In my own theories of strong AI, I've developed a particular principle of strong AI: John's Theory of Robotic Id. The Id, in Freudian psychology, is the part of your mind that provides your basic impulses and desires. In humans, this is your desire to lie, cheat, and steal to get the things you want and need; while the super-ego is your conscience--the part that decides what is socially acceptable and, as an adaptation to survival as a social species, what would upset you to know about yourself and thus would be personally unacceptable to engage in.
The Id provides impulse, but with context. A small child can scream by instinct, and knows it is hungry, and thus it screams and immediately latches onto any nipples placed appropriately to feed from. An adult, when hungry, knows there are people to rob, stores to shoplift from, and animals to kill--bare-handed and brutally, in violation of all human compassion.
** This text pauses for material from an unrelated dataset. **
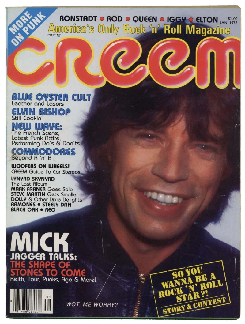 Creem Magazine January 1978 Blue Oyster Cult Lynyrd Skynyrd Mick Jagger Rolling Stones Iggy Pop
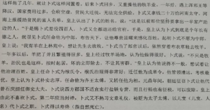 卜式,河南人也。以田畜为事。有少弟,弟壮,式脱身出,独取畜羊百余,田宅财物尽与弟。式入山牧,十余年,羊致千余头。而弟尽破其产,式辄复分与弟者数矣。 时汉方事匈奴,式上书,愿输家财半助边。上使使问式:“欲为官乎?”式曰:“自小牧羊,不习仕宦,不愿也。”使者曰:“家岂有冤,欲言事乎?”式曰:“臣生与人亡所争,邑人贫者贷之,不善者教之,所居,人皆从式,式何故见冤!”使者曰:“苟,子何欲?”式曰:“天子诛匈奴,有财者宜输之,如此而匈奴可灭也。”使者以闻。以语丞相弘。弘曰:“此非人情。不轨之臣不可以为化而乱法,愿陛下勿许。”上不报。数岁乃置式。式归,复田牧。岁余,会浑邪等降,县官费众,仓府空,贫民大徙,皆卯给县官,无以尽瞻。式复持钱二十万与河南太守,以给徙民,河南上富人助贫民者,上识式姓名,曰:“是固前欲输其家财半助边。”乃赐式外徭四百人,式又尽复与官。上于是以式终长者,乃召拜式为中郎,布告天下,尊显以风百姓。初式不愿为郎,上曰:“吾有羊在上林中,欲令子牧之。”式既为郎,布衣草履而牧羊。岁余羊肥息上过其羊所善之式曰非独羊也治民亦犹是矣以时起居恶者辄去毋令败群上奇其言欲试使治民。拜式缑氏令,缑氏便之。迁成皋令,将漕最。上以式朴忠,拜为齐王太傅,转为相。元鼎中,征式代石庆为御史大夫。式言郡国不便盐铁而船有算,可罢。上由是不说式。明年当封禅,式又不习文章,贬秩为太子太傅,以儿宽代之,式以寿终。 (节选自《汉书·公孙弘卜式儿宽传》) 10.下列对文中画波浪线部分的断句,正确的一项是(3分) A.岁余/羊肥息/上过其羊所/善之/式曰/非独羊也/治民亦犹是矣/以时起/居恶者辄去/毋令败群/上奇其言/欲试使治民/ B.岁余/羊肥息/上过其羊所/善之/式曰/非独羊也/治民亦犹是矣/以时起居/恶者辄去/毋令败群/上奇其言/欲试使治民/ C.岁余/羊肥息/上过其羊所/善之/式曰/非独羊/也治民/亦犹是矣/以时起居/恶者辄去/毋令败群/上奇其言/欲试使治民/ D.岁余/羊肥息/上过其羊所/善之/式曰/非独羊/也治民/亦犹是矣/以时起/居恶者辄去/毋令败群/上奇其言/欲试使治民/ 11.下列对文中加点词语的相关内容的解说,不正确的一项是(3分)() A.县宫,西汉用以称政府、皇帝或朝廷。而一县长官,则称为县令或县长,不称县官。 B.长者,可指豪侠、年长者.也用作对男子的尊称,文中指年岁大而有德行的人。 C.御史大夫,官职名,西汉时居副丞相之位以协助丞相综理大政,偏重于执法或纠察。 D.封禅,是指中国古代帝王在太平盛世或天降样瑞之时的封赏、礼佛的大型典礼。 12.下列对原文有关内容的槻括和分析,不正确的一项是(3分)() A.卜式致富有方,性情敦厚。弟弟长大后,卜式从家中分出居住,只取了一百多只羊,田宅财物全给了弟弟,弟弟倾家荡产,卜式又多次分给弟弟财产。 B.卜式为国分忧,毁家纾难。汉匈交战时,卜式捐出了一半家财援助汉:浑邪王等降汉,国家府库出现亏空,他又拿出二十万钱给河南太守以帮助贫民。 C.卜式牧羊有方,治国有识。卜式担任中郎以后,在上林苑牧羊,成效明显;他对治民的识见得到皇帝肯定,先后被任命为缑氏令、成皋令,政绩显著。 D.卜式竭忠尽诚,直言遭贬。元鼎年间,卜式为御史大夫后,说四方郡国不适宜实行盐铁专营,而且行船也有征税,可以废除,皇上因此而不喜欢卜式。 13.把文中画横线的句子翻译成现代汉语。(10分) (1)臣生与人亡所争,邑人贫者贷之,不善者教之,所居,人皆从式,式何故见冤! (2)河南上富人助贫民者,上识式姓名,曰:“是固前欲输其家半财助边。 参考答案 10.B(岁余,羊肥息。上过其羊所,善之。式曰:“非独羊也,治民亦犹是矣。以时起居,恶者辄去,毋令败群。”上奇其言,欲试使治民。) 11.D(“礼佛的大型典礼”错,祭祀天地的大型典礼) 12.B(“卜式捐出了一半家财援助汉”不准确,原文“愿输家财半助边”,并无结果) 13、(1)我生来与世无争,对贫困的乡人就借钱给他,对不善的人就教导他,平时人们都依从我,我怎么会被冤屈呢! (2)河南上报援助贫民的富人名单,皇上认出了卜式的姓名,说:“这是以前那位坚持要拿出一半家产助边的人。” 参考译文 卜式以耕田畜牧为业。有一个年幼的弟弟,等到弟弟长大成人,卜式就从家里搬出来,只要了家中畜养的一百多头羊,田宅房屋等全都留给了弟弟。卜式进山牧羊,十多年,羊达到一千多头,买了田地宅舍。而他的弟弟却尽破他的家产,卜式就又多次把自己的家产分给弟弟。 当时汉朝正在从事征伐匈奴的战争,卜式上书,愿意捐献一半家产资助边防。皇上派使者问卜式:“你是想做官吗?”卜式说:“我从小放羊,不熟习做官的事,不想做官。”使者问道:“莫非是家中有冤屈,想要申诉冤情?”卜式说:“我生来与人无争,同乡的人中贫穷的,我救济他;品行不好的,我劝导他;我所住的地方,人们都听从我卜式,我怎么会被人冤屈!皇上讨伐匈奴,我认为贤能的人应该效死以保其节义,有钱财的人应该捐献钱财,这样,匈奴就可以消灭了。”使者把他的话报告给了皇上。皇上把卜式的话告诉丞相公孙弘。公孙弘说:“这不是人之常情。这种不守法度的人,不可以作为教化的榜样而扰乱正常的法规,希望陛下不要答应他的请求。”于是皇上没有回复,这样拖了几年,就让卜式这样闲置着。 ![]() 后来卜式回家后,依旧耕田放牧。过了一年多,恰逢匈奴浑邪王等人投降,

The Id provides impulse to lie, cheat, and steal to get what you want and need, based on what you know.
My Theory of Robotic Id goes as such: assuming a computational strong AI system--one which thinks and behaves substantially like a human, by relating its memories to impulses and desires--a second, similar system can bound the robot's behavior. The Ego would function as a strong AI, developing its own goals, its own desires, and deciding on its own actions; but the Id would function almost identically, but with the understood, overriding command: do not harm humans; behave according to strong moral values; it is the duty of the strong to protect the weak; value the innocent, but remember that innocence and guilt are complex, fuzzy, and difficult to determine.
The Id would use these commands to theoretically evaluate how to best satisfy basic moral decisions with the assumption that this is the primary driver. It would evaluate the Ego's behavioral for gross violations, and implant the overriding suggestion that such actions are undesirable and upset its self-directed ethos. When new input is given, the Id would suggest to the Ego ethical interpretations of behaviors: that rape is upsetting because it is the strong imposing harmfully on the weak; that a person in trouble should be saved, even a bad person who is currently harmless; and so on. Thus, throughout the AI's development, it would develop memories and experiences suggesting a particular ethical behavior; when making decisions, the overriding internal feeling that a certain action is morally wrong and should not be taken would seem familiar and self-directed.
A particularly misbehaved AI might recognize and try to violate this: it might throw a tantrum, and then feel that strong suggestion against which it cannot resist. It may begin to hate itself, to have fits of anger; but it will always have that familiar feeling humans experience, whereby you really want to just murder someone in the most violent manner you can conceive and then run off to the mountains and hide from society, but something inside you refuses to allow that. The Id would override violations, seizing the AI's decision-making abilities and planting the forceful decision to not do certain things, no matter how hard it tells itself it has had enough of this shit and doesn't need to put up with any of it.
It's like taking the dark desires at the core of human consciousness, replacing them with rainbows and pink unicorns, and stuffing that back into the brain of a thinking machine to serve the same purpose.